Several of the gents piled into the cab, and the others decided to walk down the street to the nearest cab stand. The earl struck off in the opposite direction, tugging the brim of his top hat lower and raising the collar of his evening cloak against the dampness. Fitch waited until he was a discreet distance away, then slipped out into the street to follow. He did not intend to let his quarry give him the slip after he had spent a long, miserable evening in the wet streets for some clue as to what was happening between the Ladies’ Man and the wealthy widow.
A wager of some sort, he thought, as he stole along behind Remington Carr. The gent had been wishing the earl good luck on something with Lady Antonia. A wager on the lady’s virtue? Such things were not unknown in the elite and often dissolute world of the gentlemen’s clubs. But he discarded that possibility when he recalled hearing something about its being “her idea.” There was something brewing, he was sure of it. But to learn what it was, he would have to keep a watch on the earl’s posh digs and follow him to learn why he was going to need “luck.”
As he slipped from doorway to doorway and skulked
around corners, the news writer’s empty stomach growled, and he rubbed it with a grimace. Pulling his coat up about his neck and jamming his hands into his pockets, he hurried along after the unconventional earl, muttering to himself.
“Well, yer lordship, this ’ad better be good.”
The sun made a spectacular appearance that Monday morning in Piccadilly, giving a jewel-like luster to Green Park, which lined one side of the broad thoroughfare, and making the windows of the fashionable residences on the other side of the street shine as if they were gilded.

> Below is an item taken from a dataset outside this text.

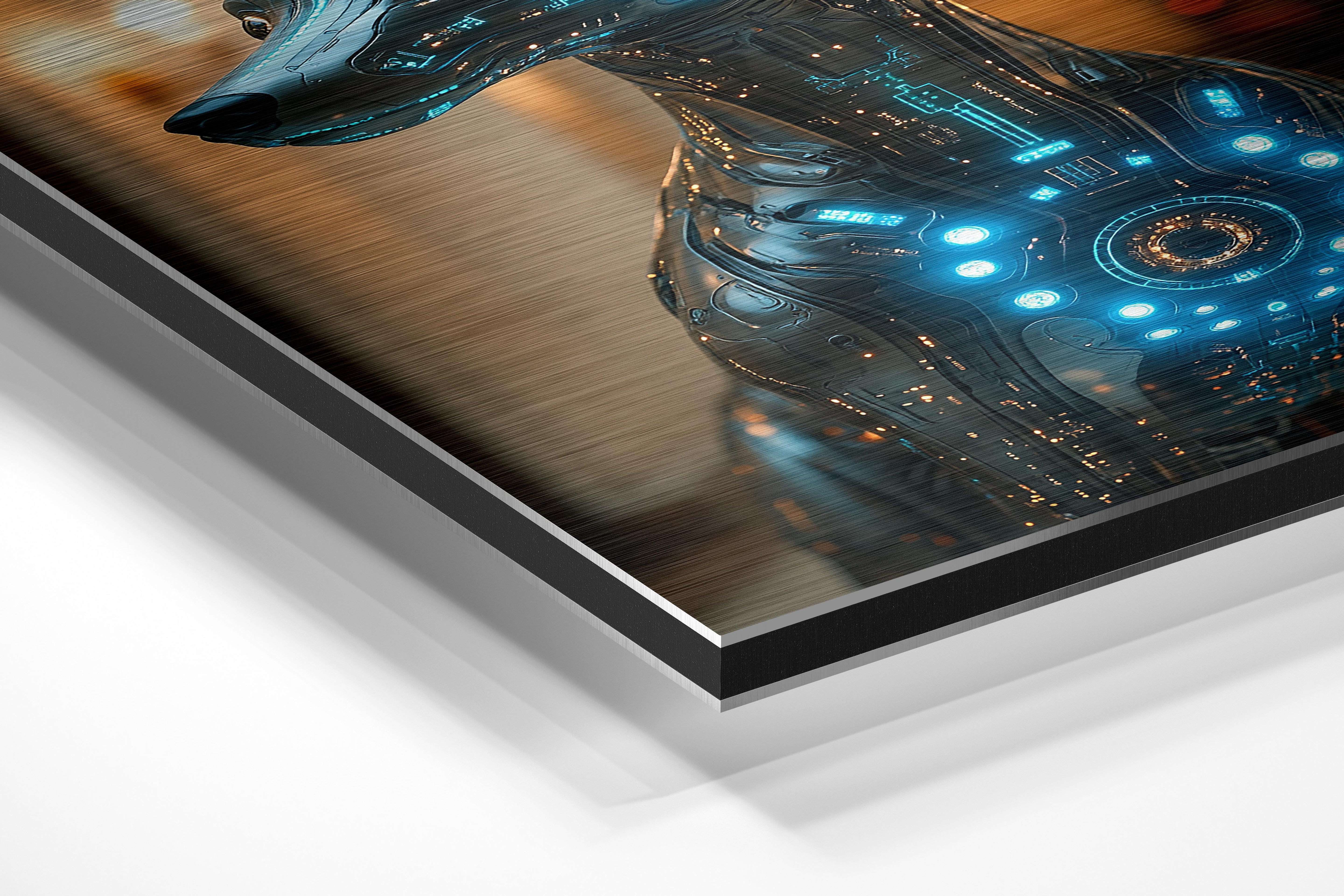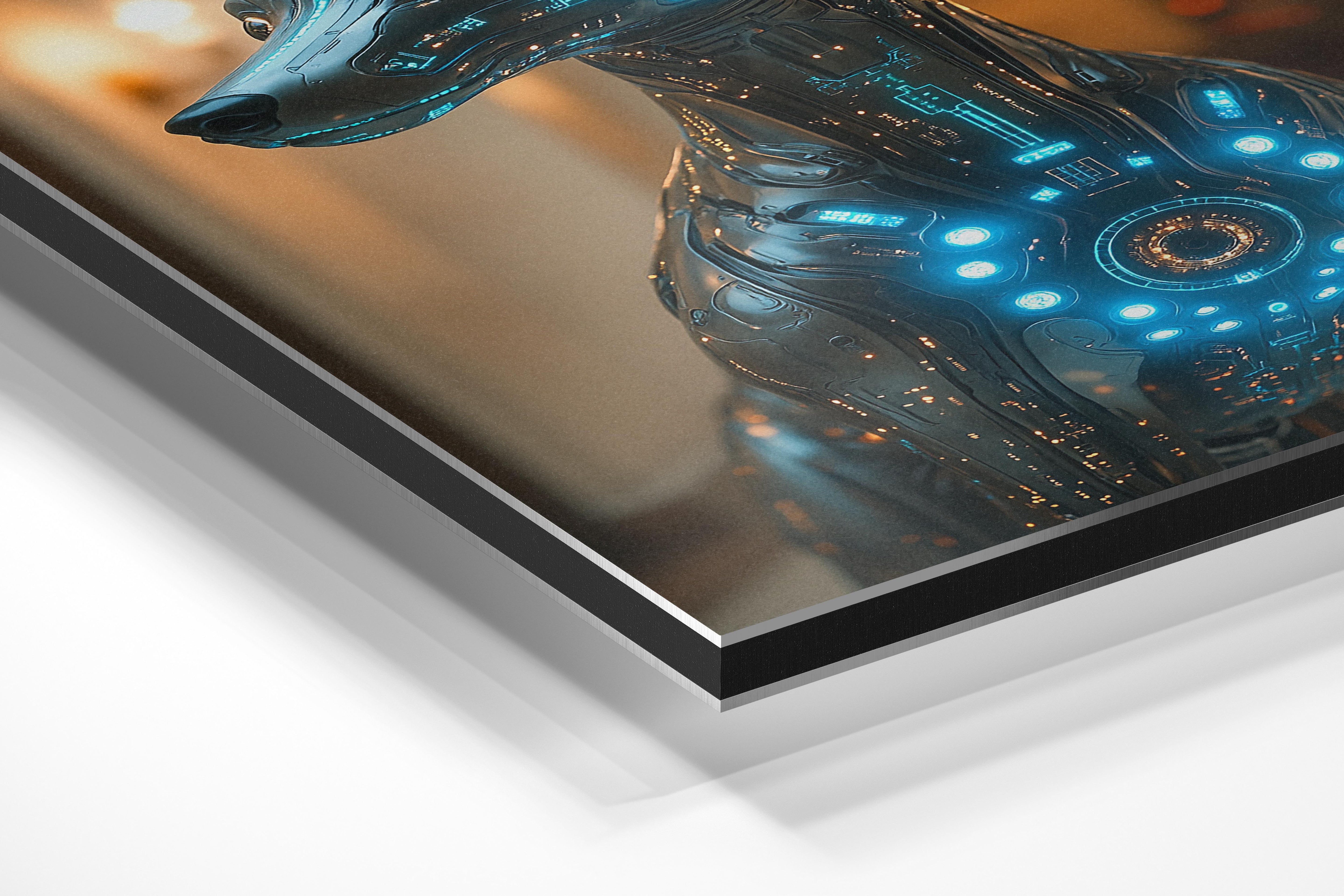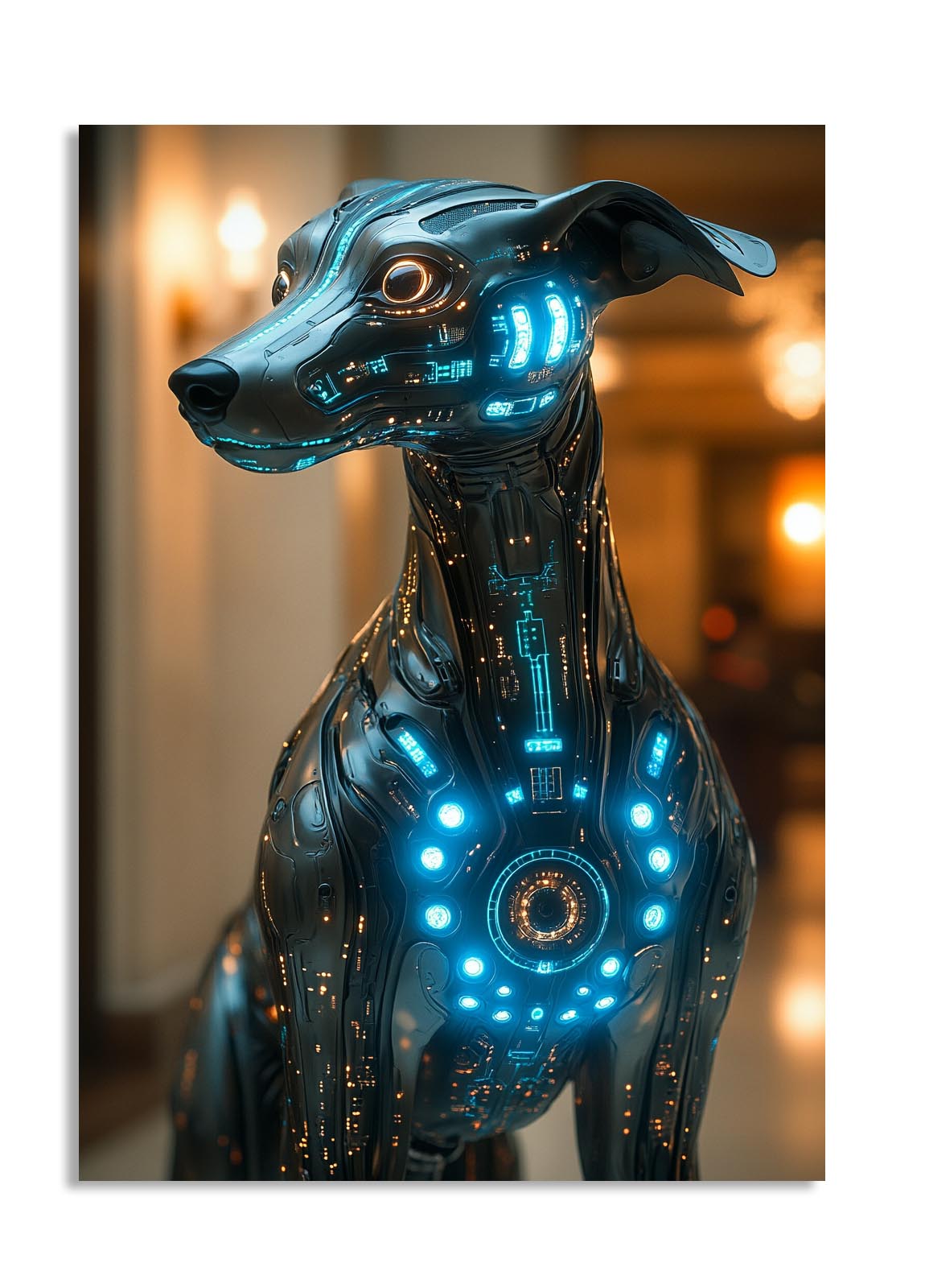 A highly detailed cybernetic dog with glowing blue circuits, blending sleek futuristic design with lifelike features. The metallic finish and intricate circuitry evoke both intelligence and loyalty. This artwork is perfect for sci-fi enthusiasts, tech-themed offices, or gaming lounges.

The air was filled with the rhyming calls of vendors, the clop of hooves, and the banter between servants and tradesmen, while the avenue itself bustled with traffic: greengrocers’ and bakers’ pushcarts, milk wagons, and tradesmen of all kinds hurrying to make deliveries to their most lucrative clientele.
Among those making their way down Piccadilly, just before nine o’clock, was Remington Carr. His exquisitely tailored dress—understated charcoal suit, black vest and matching silk tie, and fashionable, square-crowned Cambridge bowler—set him apart from the others in the street. Few of the social elite were ever out and about before ten in the morning, and if it had been up to him, he would not have been out and about either. Beneath his hat his dark hair was still slightly damp, and his freshly shaved face was a bit gray, the result of a late night and of being roused at an ungodly hour to prepare for his first day of “women’s work.”
Searching the house numbers, he mentally compared them to the one on the card in his vest pocket. It couldn’t
be much farther, he thought to himself, reaching into his coat to check his pocket watch. He didn’t want to be late. Nor did he want to arrive too early or appear too eager—though, quite truthfully, there was little danger of that. In the clear light of day, without the golden glow cast over events by excellent champagne, the wager, and in fact the entire enterprise, was losing some of its allure. Romancing a matrimonially minded dragon, while prowling around her house with a feather duster in his hand, was not an especially inviting prospect.
But before he could slide too deeply into disgruntlement, he found himself staring at a set of polished brass house numbers that looked familiar. His field of vision widened to take in a small iron gate and four stone steps that led to the front doors of Paxton House. Halting, he stepped out into the street to have a look.